As you have surely figured out from my past posts, provenance research often requires a great deal of creativity. While auction records, catalogues raisonnés, archival collections, WWII provenance research databases, dealer records, and so on are typically your first steps when delving into a provenance, your research may not (or, sometimes, should not) end there. Quite often, your research takes you beyond the typical art historical provenance resources on a path that can be confusing, unpredictable, and unfamiliar – and that’s what makes provenance research so exciting and, hopefully, rewarding.
Here is just a sampling of some of the outside-of-the-box steps I’ve taken to trace a work of art’s past whereabouts:
- To determine when a work of art came into the United Sates, I tracked down the son of a deceased owner of a shuttered art shipping company and called him to inquire whether the company had any extant records.
- I suspected that a Hungarian family – who founded a lighting company that was later bought by GE – owned a painting, and so I spoke with GE archivists and historians of electrical engineering around the world to gather information about the family and their collection.
- I requested (from various courts) and reviewed the wills of several generations of several families to search for references to a particular painting.

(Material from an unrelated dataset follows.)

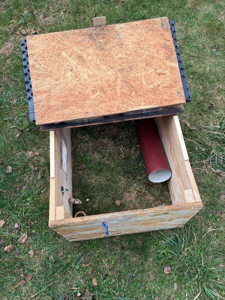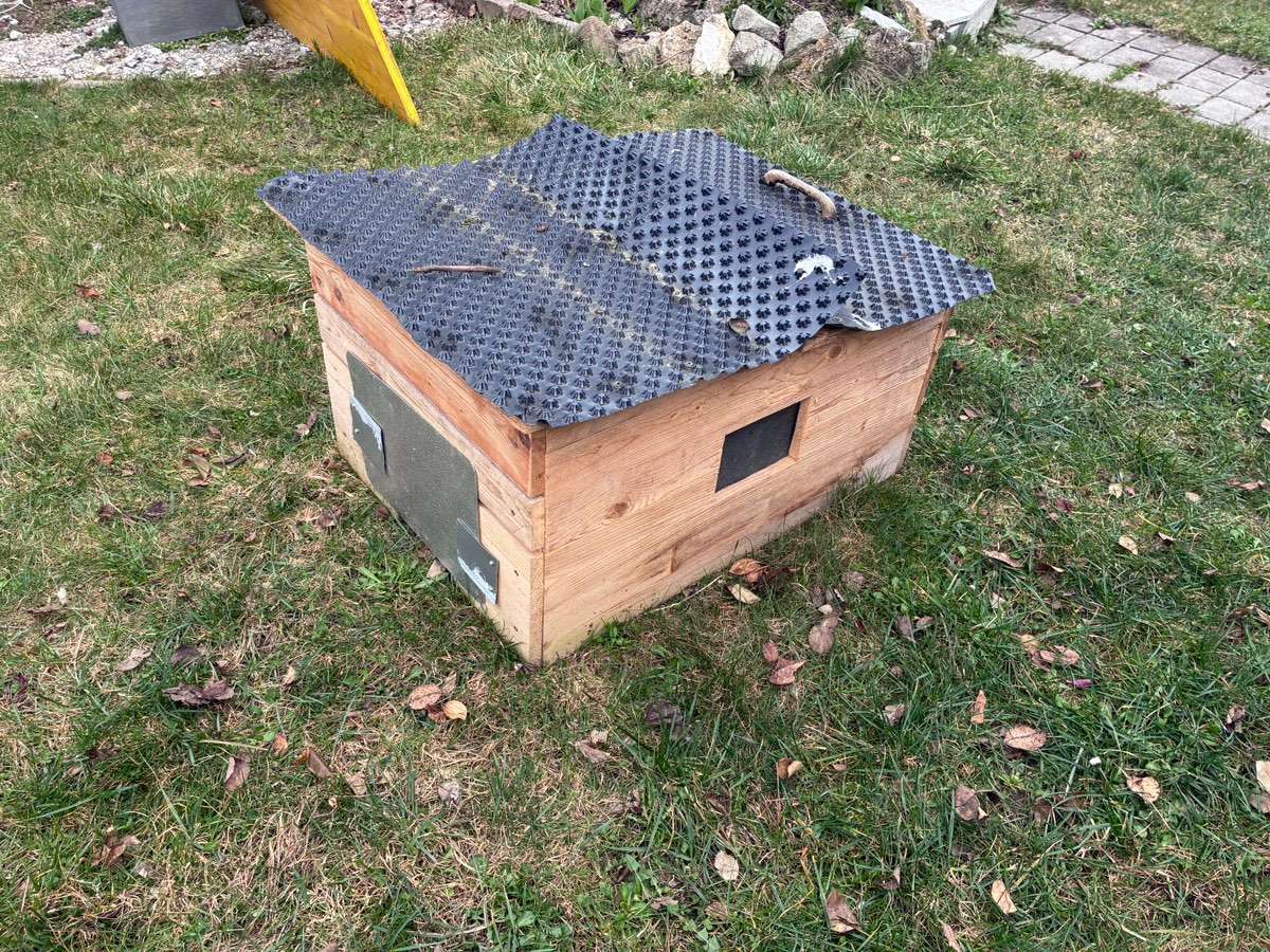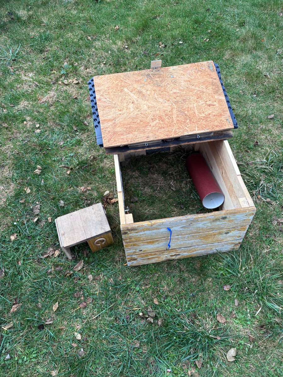 Selbstgebauter kleiner Käfig für kleine Nagetiere - mit kleinem Tunnel - Holzhäuschen und Schubklappe für Auslauf ins Freie

- Because a specific painting may have been sold along with the house in which it hung, I searched New York City directories across several decades to identify the succession of owners of a particular house in Manhattan.
- The painting I was researching was photographed by an American photographer at some point in the 1940s-60s, so I consulted the records of the photographer to determine, based on the negative number, when the photograph had been taken in order to isolate the year by which the painting was in the United States.
- I determined that a painting’s provenance had been confused and conflated with that of another painting, so, I researched the other painting’s provenance to sort out what should and should not belong in which provenance.
- To determine whether the painting in question (depicting men playing cards) and another painting, listed in an auction catalogue, were one and the same, I researched French slang terms for card games.
- I have searched for photographs of prominent collectors’ homes to see if the painting being researched is visible.
- When only a misspelled or partial name is available, Google is your best friend.
- When a vague note in a catalogue raisonné mentioned that a painting was formerly accompanied by an unusual framing device, I researched possible past dealers/owners to see if any were known for using atypical frames on works in their stock/collections.
- I have located and called descendants of suspected former owners to ask them whether they recall seeing the works of art in their family’s possession.